Support qwen1.5 in turbomind engine #1406

lvhan028 · 2024-04-07T11:48:51Z

Note: window attention is not supported.

zhyncs · 2024-04-08T03:37:01Z

Hi @lvhan028 Does this pr support Qwen1.5-0.5B and Qwen1.5-1.8B? Thanks.

lvhan028 · 2024-04-08T03:47:02Z

0.5B no, since its head_dim is 64 while the turbomind engine hardcode the head_dim 128
1.8B Yes.

zhyncs · 2024-04-08T03:50:28Z

0.5B no, since its head_dim is 64 while the turbomind engine hardcode the head_dim 128 1.8B Yes.

Thanks for your reply. Maybe we could also update the supported table. Thanks.

lvhan028 · 2024-04-08T04:08:52Z

0.5B no, since its head_dim is 64 while the turbomind engine hardcode the head_dim 128 1.8B Yes.

Thanks for your reply. Maybe we could also update the supported table. Thanks.

sure. updated.

docs/en/supported_models/supported_models.md

lmdeploy/turbomind/deploy/source_model/qwen.py

lmdeploy/turbomind/turbomind.py

RunningLeon · 2024-04-08T11:14:47Z

opecompass results look OK

模型	mmlu	gsm8k
qwen1.5-7b-chat-HF	61.48	55.65
qwen1.5-7b-chat-TB	61.47	54.74

RunningLeon

LGTM

irexyc · 2024-04-08T12:04:07Z

Have you tried lmdeploy convert command to convert the model?

lvhan028 · 2024-04-08T12:18:03Z

Have you tried lmdeploy convert command to convert the model?
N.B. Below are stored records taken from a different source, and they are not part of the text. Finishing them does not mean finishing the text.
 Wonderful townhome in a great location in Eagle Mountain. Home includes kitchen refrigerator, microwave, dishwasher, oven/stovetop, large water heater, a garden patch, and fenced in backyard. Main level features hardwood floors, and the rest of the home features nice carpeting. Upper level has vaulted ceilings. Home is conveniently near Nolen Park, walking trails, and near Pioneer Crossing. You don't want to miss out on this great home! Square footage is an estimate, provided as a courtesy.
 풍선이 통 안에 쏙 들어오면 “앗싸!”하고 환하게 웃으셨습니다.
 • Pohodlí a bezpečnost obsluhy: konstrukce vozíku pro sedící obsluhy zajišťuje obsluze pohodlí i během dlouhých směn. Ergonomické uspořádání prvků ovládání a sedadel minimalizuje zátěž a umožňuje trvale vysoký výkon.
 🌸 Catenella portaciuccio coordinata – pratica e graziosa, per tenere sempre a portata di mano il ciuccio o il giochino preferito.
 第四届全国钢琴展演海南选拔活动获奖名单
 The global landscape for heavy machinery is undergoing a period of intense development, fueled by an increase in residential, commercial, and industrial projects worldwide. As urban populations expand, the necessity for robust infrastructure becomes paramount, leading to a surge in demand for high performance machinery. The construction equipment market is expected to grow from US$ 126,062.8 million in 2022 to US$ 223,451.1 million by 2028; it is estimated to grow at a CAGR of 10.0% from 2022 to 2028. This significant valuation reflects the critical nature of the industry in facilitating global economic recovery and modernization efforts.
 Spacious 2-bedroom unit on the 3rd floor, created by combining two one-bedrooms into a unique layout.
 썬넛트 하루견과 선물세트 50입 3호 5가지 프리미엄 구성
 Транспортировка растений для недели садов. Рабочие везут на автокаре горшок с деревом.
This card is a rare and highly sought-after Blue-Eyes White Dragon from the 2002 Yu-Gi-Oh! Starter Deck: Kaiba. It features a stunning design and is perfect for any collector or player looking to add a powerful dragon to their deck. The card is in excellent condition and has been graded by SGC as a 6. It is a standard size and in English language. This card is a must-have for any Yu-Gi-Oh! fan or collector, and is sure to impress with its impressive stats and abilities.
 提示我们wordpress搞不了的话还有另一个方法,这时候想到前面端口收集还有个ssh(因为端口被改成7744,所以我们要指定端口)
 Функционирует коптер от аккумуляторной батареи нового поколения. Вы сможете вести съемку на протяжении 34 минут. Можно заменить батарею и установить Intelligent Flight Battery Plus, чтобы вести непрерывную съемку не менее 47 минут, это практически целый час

not yet. I'll test it asap

lvhan028 · 2024-04-08T13:26:15Z

lmdeploy convert qwen <qwen1.5-model-path>

irexyc · 2024-04-09T02:52:50Z

Traceback (most recent call last):
  File "/home/chenxin/miniconda3/envs/38/bin/lmdeploy", line 33, in <module>
    sys.exit(load_entry_point('lmdeploy', 'console_scripts', 'lmdeploy')())
  File "/home/chenxin/ws3/vl/lmdeploy/cli/entrypoint.py", line 26, in run
    args.run(args)
  File "/home/chenxin/ws3/vl/lmdeploy/cli/cli.py", line 151, in convert
    main(**kwargs)
  File "/home/chenxin/ws3/vl/lmdeploy/turbomind/deploy/converter.py", line 265, in main
    tokenizer_path = get_tokenizer_path(model_path, tokenizer_path)
  File "/home/chenxin/ws3/vl/lmdeploy/turbomind/deploy/converter.py", line 45, in get_tokenizer_path
    assert tokenizer_path, 'please supply tokenizer path by --tokenizer-path'
AssertionError: please supply tokenizer path by --tokenizer-path

lvhan028 · 2024-04-09T03:30:55Z

Traceback (most recent call last):
  File "/home/chenxin/miniconda3/envs/38/bin/lmdeploy", line 33, in <module>
    sys.exit(load_entry_point('lmdeploy', 'console_scripts', 'lmdeploy')())
  File "/home/chenxin/ws3/vl/lmdeploy/cli/entrypoint.py", line 26, in run
    args.run(args)
  File "/home/chenxin/ws3/vl/lmdeploy/cli/cli.py", line 151, in convert
    main(**kwargs)
  File "/home/chenxin/ws3/vl/lmdeploy/turbomind/deploy/converter.py", line 265, in main
    tokenizer_path = get_tokenizer_path(model_path, tokenizer_path)
  File "/home/chenxin/ws3/vl/lmdeploy/turbomind/deploy/converter.py", line 45, in get_tokenizer_path
    assert tokenizer_path, 'please supply tokenizer path by --tokenizer-path'
AssertionError: please supply tokenizer path by --tokenizer-path

What's the command?

irexyc · 2024-04-09T03:33:30Z

What's the command?

lmdeploy convert qwen /mnt/140/Qwen/Qwen1.5-7B-Chat/

xiaoxiaoyuwen · 2024-04-10T06:33:51Z

@lvhan028 dose this support qwen1.5-14b-chat int8 kv cache ?
I run the calibrate cause error

RuntimeError: Currently, quantification and calibration of Qwen2ForCausalLM are not supported.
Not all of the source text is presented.